__PROBLEM DESCRIPTION__:
Word for word, copy the listing below and leave out its images.

__WORKING DATA__:

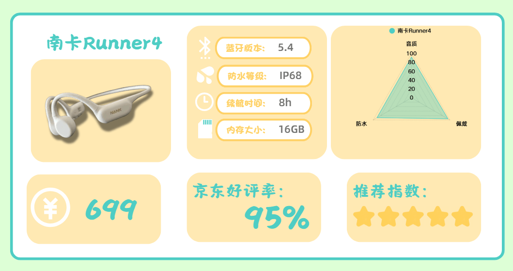4、选专业运动品牌:如南卡,技术成熟,防水防漏音表现出色,适配多场景。
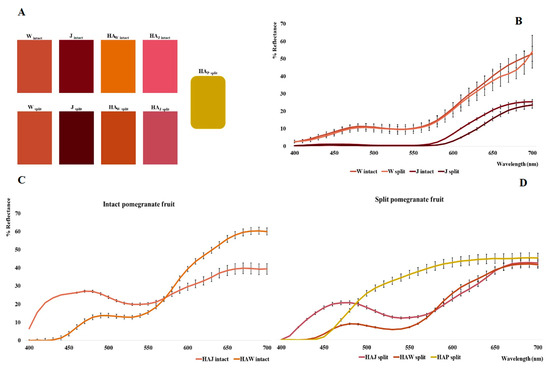 Palette of analyzed samples (A); reflectance curves related to W and J (intact and split) samples (B); reflectance curves related to obtained hydroalcoholic extracts (C,D).
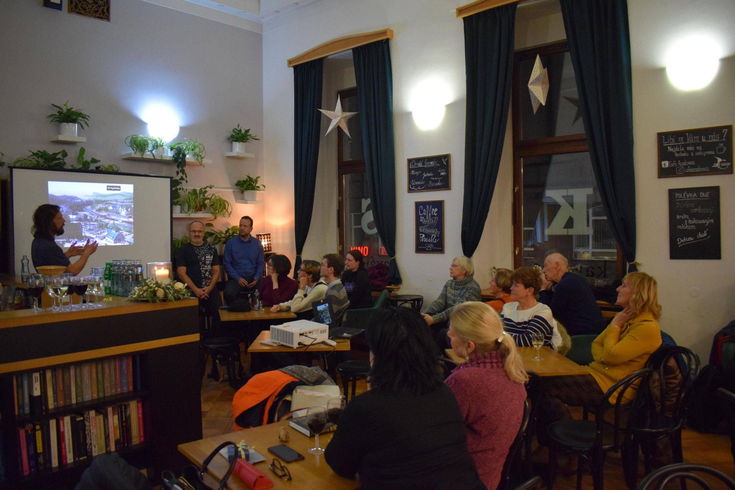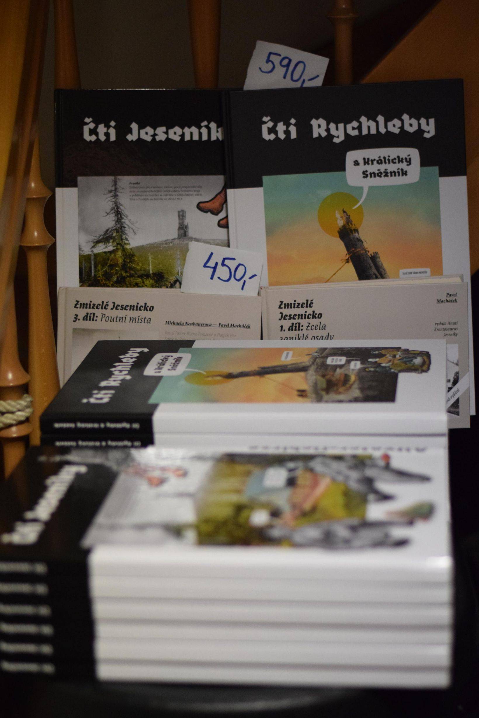 Kniha Čti Rychleby představena v Praze21.12.2022 Na Václavském náměstí v kavárně knihkupectví Academia byla dne 21. prosince 2022 představena návštěvníkům kniha Čti Rychleby. Obrazové prezentace a krátké přednášky se ujal ideový tvůrce knihy Lukáš Abt se spoluautory Pavlem Macháčkem, Pavlem Rušarem a Markem Palysem. Akci navštívilo přibližně 25 účastníků, z nichž mnozí si společně s prezentovanou knihou odnesli i její starší sestru Čti Jeseníky. Obě knihy jsou k dispozici také na recepci Vodní tvrze v Jeseníku. | |
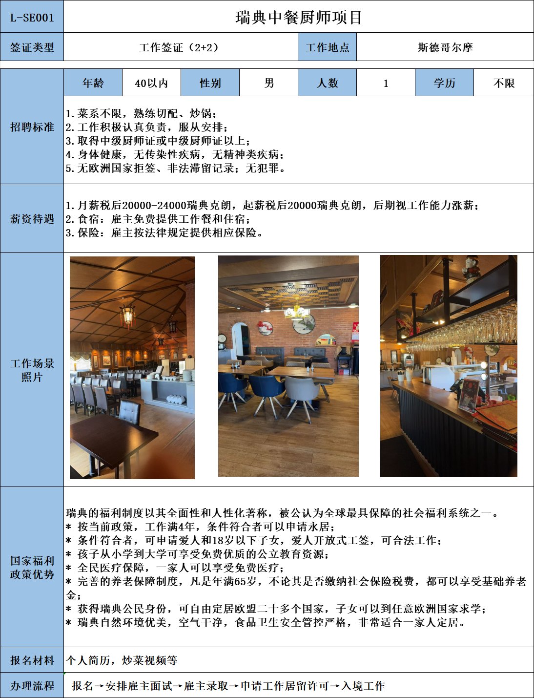 要求48歲以下,人品好,工作勤快,服從安排; 工作態(tài)度:積極主動,吃苦耐勞,有團(tuán)隊精神,會壽司者更佳;稅后到手月薪19000瑞典克朗,后期根據(jù)個人能力漲薪
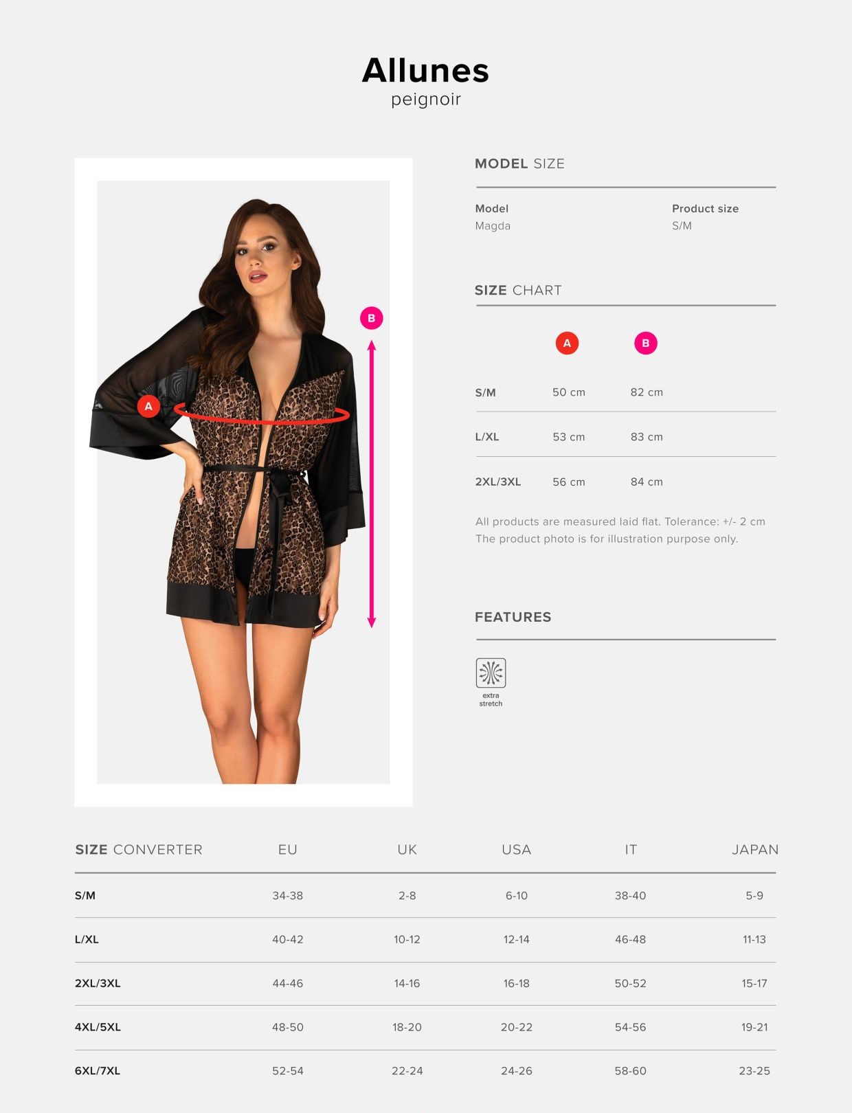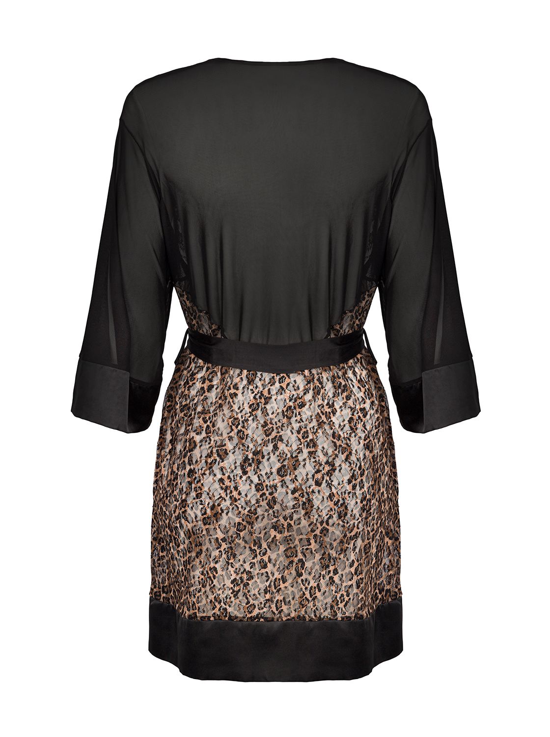 Schwarzer Morgenmantel aus transparentem Stoff mit Leopard-Muster. Wird mit einer Satinschleife... mehr

__SOLUTION__:
4、选专业运动品牌:如南卡,技术成熟,防水防漏音表现出色,适配多场景。
 Palette of analyzed samples (A); reflectance curves related to W and J (intact and split) samples (B); reflectance curves related to obtained hydroalcoholic extracts (C,D).
 Kniha Čti Rychleby představena v Praze21.12.2022 Na Václavském náměstí v kavárně knihkupectví Academia byla dne 21. prosince 2022 představena návštěvníkům kniha Čti Rychleby. Obrazové prezentace a krátké přednášky se ujal ideový tvůrce knihy Lukáš Abt se spoluautory Pavlem Macháčkem, Pavlem Rušarem a Markem Palysem. Akci navštívilo přibližně 25 účastníků, z nichž mnozí si společně s prezentovanou knihou odnesli i její starší sestru Čti Jeseníky. Obě knihy jsou k dispozici také na recepci Vodní tvrze v Jeseníku. | |
 要求48歲以下,人品好,工作勤快,服從安排; 工作態(tài)度:積極主動,吃苦耐勞,有團(tuán)隊精神,會壽司者更佳;稅后到手月薪19000瑞典克朗,后期根據(jù)個人能力漲薪
 Schwarzer Morgenmantel aus transparentem Stoff mit Leopard-Muster. Wird mit einer Satinschleife... mehr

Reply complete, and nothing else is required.